Tim McKane Comment by Tim McKane on January 5, 2009 at 11:51am
The interesting part of this is that in reality a lot of families have more disposable income than last year, and are buying in a market of reduced prices almost across the board. Lower interest rates and lower fuel prices which are both impacting on retail prices, and the competition levels on the High Street further creating a shoppers market - are being stalled by he continuous news of potential catastrophe. The administration of Waterford Wedgwood is presented as another in the line of crunch related failures, but that company has been under real pressure for a number of years, including through the boom years. One does wonder if those presenting Radio 4s Today programme will only be happy when they see a total meltdown and are able to say -"told you so".
Brian Walker Comment by Brian Walker on January 5, 2009 at 12:05pm
Interesting analysis, Tim, and I for one would like to hear more. How does it square with the Nielsen/BRC survey? Or is the habit of the retailers' crying wolf rebounding on them? And be careful about shooting at one messenger - the Today programme is hardly alone!
John McMullan Comment by John McMullan on January 5, 2009 at 4:30pm
Just read the comments after commenting on the strategem posting. I made the same point as Tim ,although less eloquently - the point is well made we need balanced or reflective journalism if we are not to be talked into a deep recession. It will be interesting to see if our retaillers have 'bucked' the UK trend and performed really well as a result of the euro shopper (RoI) bounce this Christmas & New Year
Brian Walker Comment by Brian Walker on January 5, 2009 at 5:07pm
The "trend" is not all in one direction, it seems -- see John Lewis Xmas results and others.

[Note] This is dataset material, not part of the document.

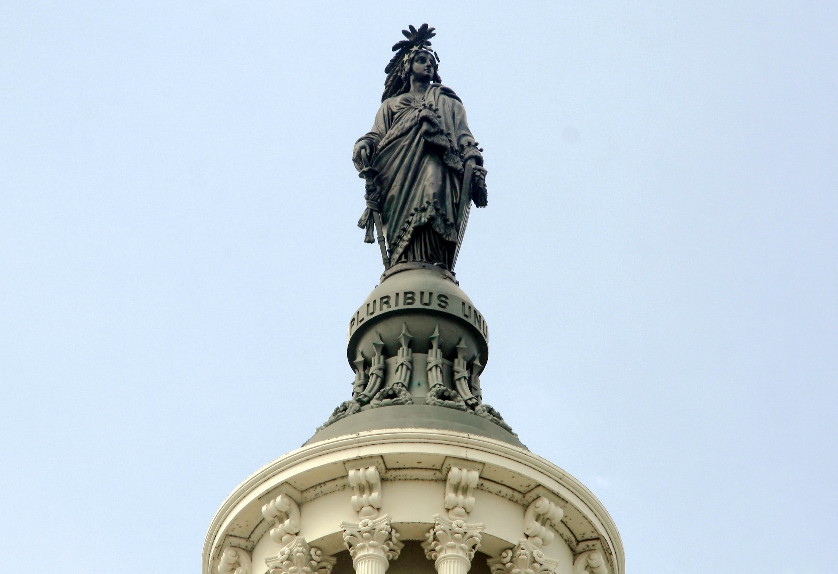 The Statue of Freedom on the dome of the United States Capitol in Washington, D.C.

http://business.timesonline.co.uk/tol/business/industry_sectors/retailing/article5452105.ece

As a journalist and a former senior BBC one, it would be good to know what the complaints are about the business reporting specifically. As I see it from outside business, the media are faithfully reporting what they're told and making honest assessments accordingly. I fail to see how the BBC has diverged significantly from say, the FT ,although it currently has an even more prominent place on the platform. While some have resented Robert Peston's alleged impact on a given day's market (i.e. the day Bradford and Bingley was saved on the brink of collapse), the fact remains that it would have been hard to exaggerate how close to collapse the banking sector came. Much of the sniping has come from the BBC's commercial rivals, remember. But if any reporting of other sectors is genuinely misleading or unbalanced, please pitch in with analysis and hard fact. Believe it or not, even journalists are gagging for good news, or at least correctives to excessive gloom.
John McMullan Comment by John McMullan on January 6, 2009 at 9:41am
Brian, thanks for the response. I wasn't picking the BBC out, in fact the problem is more associated with the more populist printed media. I do however think that it should be made clear when data is UK wide or only England and Wales. We can and do 'buck' national trends, for a series of reasons which may include 1/3 of jobs being public sector and a further 1/3 being underpinned by public sector spend, that if correct will have a dampening effect but not something to be complacent about, obviously.
I do think we in NI have a particular and acute problem with falling housing prices, which may be worse than the national trend and a banking system which is not responsive to passing on interest rate reductions that could ease pressure and encourage 1st time buyers back into the market.
I do enjoy your blogs.
John
Joanne Stuart Comment by Joanne Stuart on January 9, 2009 at 12:00am
Our cross border trade was £0.5bn, around 2.5% of consumer spend - significant! I heard that the ASDA in Eniskillen was the 6th best performing store globally! The problem is how long this will go on, as I am sure that the stores in the Republic will try to address the cost difference, although we have just moved the goalposts again with the rate cut today.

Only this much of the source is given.